Это была симпатичная, веселая, суетливая улица, где прямо из мощеных тротуаров росли подстриженные липы, и Роберт Блэр ее очень любил.

Только он собрался встать, как зазвонил телефон. В других местах принято, чтобы телефоны звонили в приемной, где к ним подойдет помощница, спросит, что вам угодно, и скажет, что если вы будете так добры подождать секундочку, она вас «соооооединит». После этого вас свяжут с тем, с кем вы желаете поговорить. Но только не в Милфорде. Ничего подобного в Милфорде не потерпят. Если вы звоните по телефону Джону Смиту, то рассчитываете, что трубку возьмет лично Джон Смит. Поэтому тем весенним вечером в конторе «Блэр, Хэйуорд и Беннет» телефон зазвонил именно в кабинете Роберта на столе из красного дерева с латунными вставками.

Потом Роберт часто задавался вопросом, что случилось бы, раздайся звонок на минуту позже. За одну минуту, за шестьдесят ничтожных секунд, он успел бы снять пальто с колышка в коридоре, сунуть голову в кабинет напротив, чтобы сообщить мистеру Хезелтайну, что уходит, выйти под бледные лучи солнца и направиться вниз по улице. На звонок ответил бы мистер Хезелтайн и передал бы женщине, что Роберт ушел. Она бы повесила трубку и попробовала бы связаться с кем-нибудь другим. Дальнейшее представляло бы для него чисто теоретический интерес.

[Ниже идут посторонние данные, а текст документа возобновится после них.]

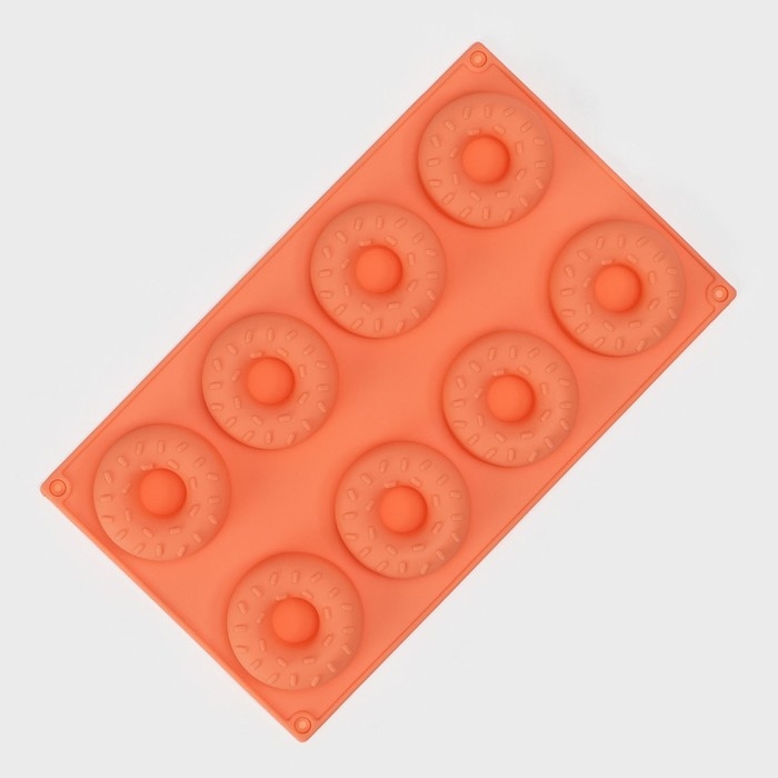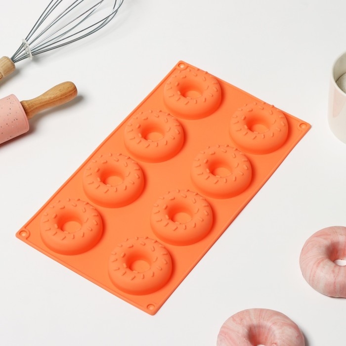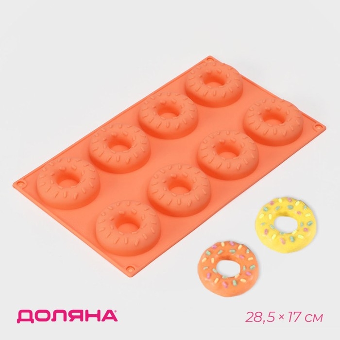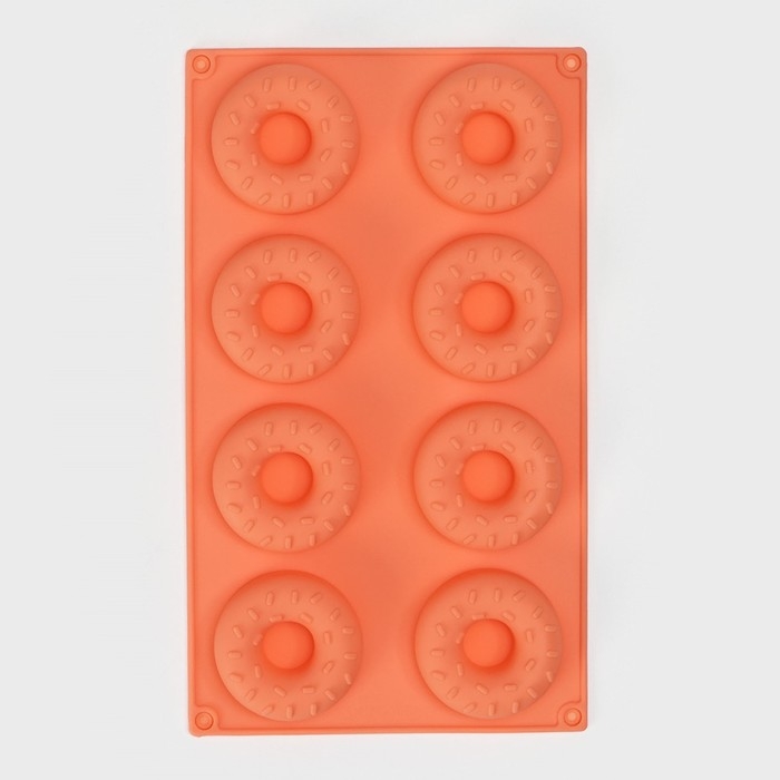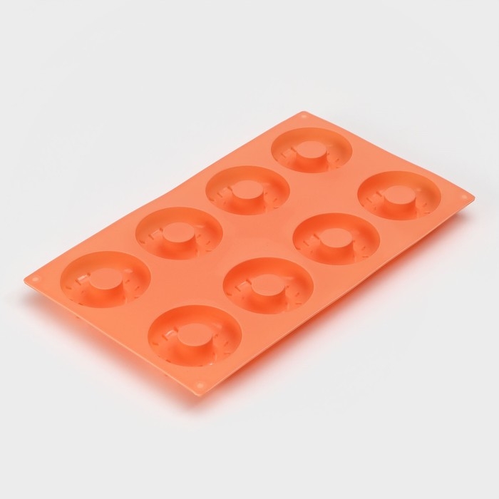 Форма для выпечки Доляна «Сладости.Пончики с кунжутом», силикон, 28,5×17 см, 8 ячеек (d=6,3 см), цвет оранжевый

Но телефон прозвонил аккурат в это время. Роберт протянул руку и взял трубку.

– Это мистер Блэр? – раздался низковатый женский голос, который в любое другое время звучал бы уверенно, но сейчас его владелица то ли задыхалась, то ли очень спешила. – Ах, как я рада, что застала вас. Боялась, что вы уже ушли. Мистер Блэр, вы меня не знаете. Моя фамилия Шарп. Марион Шарп. Я живу с матерью в доме под названием «Франчайз» на Ларборо-роуд.

– Да, мне это известно, – сказал Блэр.

Он знал Марион Шарп в лицо, как знал всех в Милфорде и его окрестностях. Высокая, худощавая, темноволосая женщина лет сорока, склонная носить яркие шелковые платки, подчеркивавшие ее цыганскую смуглость. По утрам она ездила за покупками на побитом старом автомобиле, на заднем сиденье которого восседала ее седовласая мать, прямая, хрупкая, несколько нелепая и как будто выражавшая какой-то молчаливый протест. В профиль старая миссис Шарп напоминала мать Уистлера, но когда поворачивалась и демонстрировала яркие, светлые, холодные, как у чайки, глаза, то становилась похожа на провидицу. Словом, неприятная старушка.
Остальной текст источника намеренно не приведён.